• Burns · Nov 2018

    Review

    Skin xenotransplantation: Historical review and clinical potential.

    • Takayuki Yamamoto, Hayato Iwase, Timothy W King, Hidetaka Hara, and Cooper David K C DKC Xenotransplantation Program, Department of Surgery, University of Alabama at Birmingham, Birmingham, AL, USA. Electronic address: dkcooper@uabmc.edu..
    • Xenotransplantation Program, Department of Surgery, University of Alabama at Birmingham, Birmingham, AL, USA.
    • Burns. 2018 Nov 1; 44 (7): 1738-1749.

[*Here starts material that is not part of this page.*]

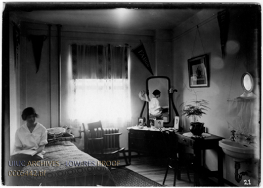 Photograph showing interior of dorm room with unidentified student at Sacred Heart Academy. Building designed by George P. Stauduhar, architect of Rock Island, IL.

    AbstractHalf a million patients in the USA alone require treatment for burns annually. Following an extensive burn, it may not be possible to provide sufficient autografts in a single setting. Pig skin xenografts may provide temporary coverage. However, preformed xenoreactive antibodies in the human recipient activate complement, and thus result in rapid rejection of the graft. Because burn patients usually have some degree of immune dysfunction and are therefore at increased risk of infection, immunosuppressive therapy is undesirable. Genetic engineering of the pig has increased the survival of pig heart, kidney, islet, and corneal grafts in immunosuppressed non-human primates from minutes to months or occasionally years. We summarize the current status of research into skin xenotransplantation for burns, with special emphasis on developments in genetic engineering of pigs to protect the graft from immunological injury. A genetically-engineered pig skin graft now survives as long as an allograft and, importantly, rejection of a skin xenograft is not detrimental to a subsequent allograft. Nevertheless, currently, systemic immunosuppressive therapy would still be required to inhibit a cellular response, and so we discuss what further genetic manipulations could be carried out to inhibit the cellular response.Copyright © 2018 Elsevier Ltd and ISBI. All rights reserved.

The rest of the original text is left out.